This section is from the book "Popular Law Library Vol8 Partnership, Private Corporations, Public Corporations", by Albert H. Putney. Also available from Amazon: Popular Law-Dictionary.
The first meeting of every corporation shall be called by a notice signed by a majority of the incorporators named in the certificate of incorporation, designating the time, place and purpose of the meeting; and such notice shall, at least two weeks before the time of any such meeting, be published three times in some newspaper of the county where the corporation may be established or have its principal place of business, or said first meeting may be called without such publication of notice, if two days' notice be personally served on all the parties named in the certificate of incorporation, or if all the parties named in the certificate of incorporation shall, in writing, waive notice and fix a time and place of meeting, then no notice of publication whatever shall be required of such first meeting.

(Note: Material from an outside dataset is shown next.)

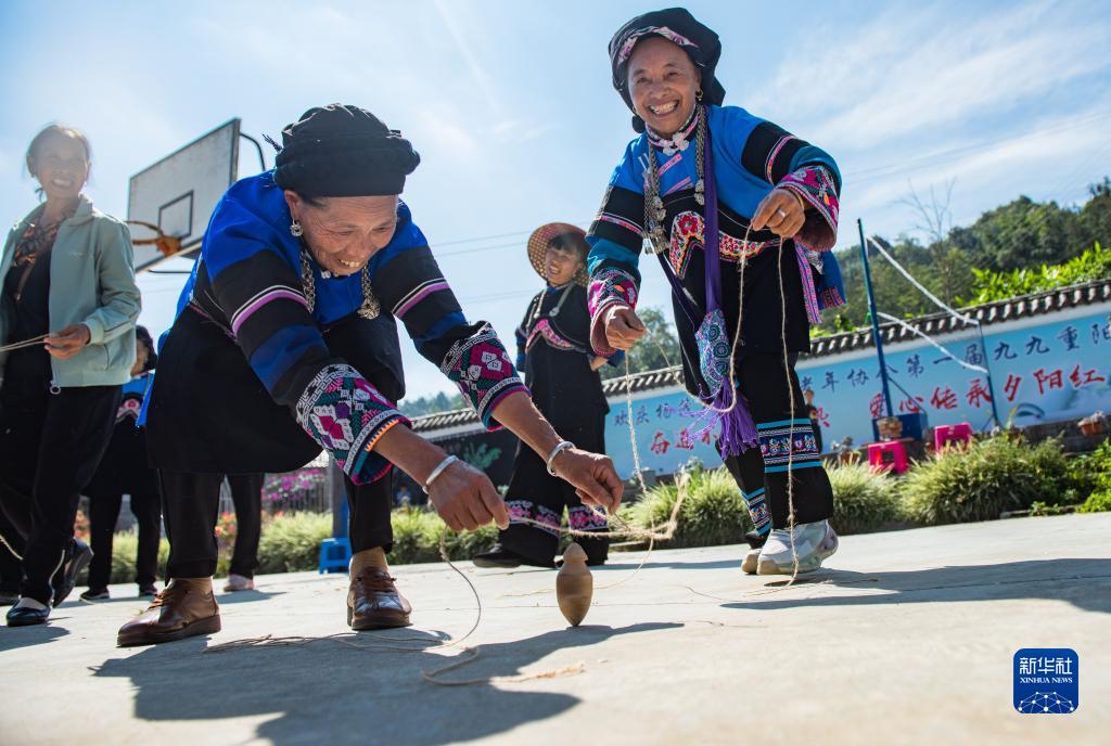 10月22日,雲南省文山壯族苗族自治州馬關縣木廠鎮楊茂松村村民在重陽節活動中打陀螺。
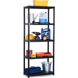 Gr8 Home Lightweight 5 Tier Black Plastic Shelving Unit Storage Racking Shelves Garage Warehouse Home Shed Rack

Until the directors are elected, the signers of the certificate of incorporation shall have the direction of the affairs and of the organization of the corporation, and may take such steps as are proper to obtain the necessary subscriptions to stock and to perfect the organization of the corporation.
After the first meeting of incorporators has been held and the directors have been elected, the directors should meet and appoint officers for the ensuing year, provide for the issuance of the capital stock, and transact such other business as may be necessary to complete the organization of the company.